# The crap I'll do for customers.



## LEAD INGOT (Jul 15, 2009)

Bid house. Everything was supposed to be basic, basic, basic. Then they drop these copper bowls, meant to be undermount, as drop-ins into tops made out of 100 year old 2" thick barnwood. This was the best that I could come up with. Did one as a test and it bolted down great. Now 5 more to go, yefrigganha.


----------



## Redwood (Sep 8, 2008)

Hey ya did good! :thumbup:

Are you sure you didn't do it for the.... :laughing:


----------



## LEAD INGOT (Jul 15, 2009)

Redwood said:


> Hey ya did good! :thumbup:
> 
> Are you sure you didn't do it for the.... :laughing:


 I've lovingly nicknamed this job the SS Changeorder. It started out as a 2.5 bath cabin. Now it's a 5 bath, 2 kitchen, 4 hot/cold woodford frost frees. They started out basic, and raised my bid by at least $10,000.00. These people have too much money.


----------



## U666A (Dec 11, 2010)

LEAD INGOT said:


> Bid house. Everything was supposed to be basic, basic, basic. Then they drop these copper bowls, meant to be undermount, as drop-ins into tops made out of 100 year old 2" thick barnwood. This was the best that I could come up with. Did one as a test and it bolted down great. Now 5 more to go, yefrigganha.
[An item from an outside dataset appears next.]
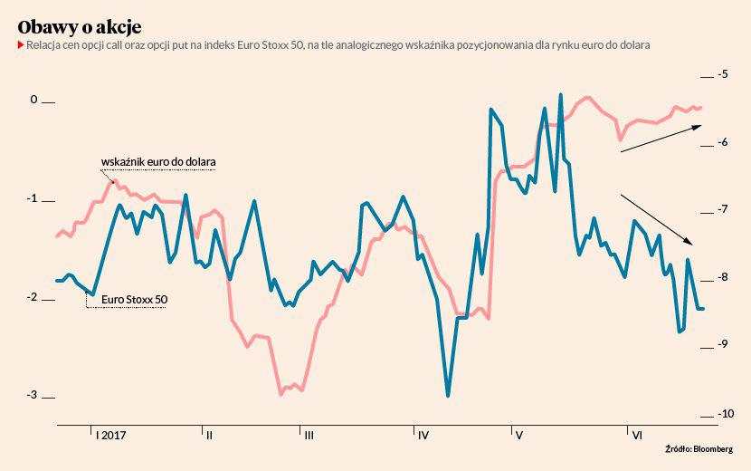 Opcje nastawione na zwyżki indeksu paneuropejskich blue chipów Euro Stoxx 50 w relacji do analogicznych instrumentów chroniących przed jego spadkiem były przed tygodniem najtańsze od kwietnia. To sygnał rosnącego wśród inwestorów popytu na zabezpieczenie przed korektą, w miarę jak Euro Stoxx 50 zmierza do zamknięcia na minusie dopiero pierwszego miesiąca w tym roku. To jednak wciąż jedyny niepokojący dla europejskich akcji sygnał.

Lead free I hope, Mr. Ingot...

:laughing:


----------



## Widdershins (Feb 5, 2011)

LEAD INGOT said:


> I've lovingly nicknamed this job the SS Changeorder. It started out as a 2.5 bath cabin. Now it's a 5 bath, 2 kitchen, 4 hot/cold woodford frost frees. They started out basic, and raised my bid by at least $10,000.00. These people have too much money.


 I love those jobs.

Kicking the original budget to the curb and going hourly is what put my Girls through College and paid off their Townhouses.


----------



## Radium (Dec 25, 2010)

I just finished a job like that, change orders. 15000 in upgrades like cast iron and moving fixtures and tin work etc. They stiffed me to. For half of that amount saying I didn't have any paperwork to prove it. I am divorcing that contractor tomorrow, right as the garage is ready to be roughed in. They want me to plumb the garage for free, or else. Yeah right I'll take my chances.


----------



## Tommy plumber (Feb 19, 2010)

Radium said:


> I just finished a job like that, change orders. 15000 in upgrades like cast iron and moving fixtures and tin work etc. They stiffed me to. For half of that amount saying I didn't have any paperwork to prove it. I am divorcing that contractor tomorrow, right as the garage is ready to be roughed in. They want me to plumb the garage for free, or else. Yeah right I'll take my chances.


 



That's awful. I did a job with (3) change orders. I did the work without having my change orders signed. Fortunately for me the owner was a stand-up guy and paid the bill. He could've said some excuse like he didn't sign-off on the price, he didn't know it was that much, etc. 

I learned my lesson; I will not do additional work without a signed change order. The GC was on my back saying, "We have to hurry up, the owner is not in town" etc.


----------



## Redwood (Sep 8, 2008)

Tommy plumber said:


> I learned my lesson; I will not do additional work without a signed change order. The GC was on my back saying, "We have to hurry up, the owner is not in town" etc.


Thats how weasel GC's stiff the plumber on being paid for the changes yet charge the customer and put the money in their pocket... :yes:

Being a middle man can be very profitable...


----------



## rvaughnp (Nov 19, 2009)

Tommy plumber said:


> That's awful. I did a job with (3) change orders. I did the work without having my change orders signed. Fortunately for me the owner was a stand-up guy and paid the bill. He could've said some excuse like he didn't sign-off on the price, he didn't know it was that much, etc.
> 
> I learned my lesson; I will not do additional work without a signed change order. The GC was on my back saying, "We have to hurry up, the owner is not in town" etc.


Then get the GC to sign. One point of a change order is... At the time of the "change order" that work needed, isn't paid for. If no one is willing to sign for said future payment... the work doesnt get done.


----------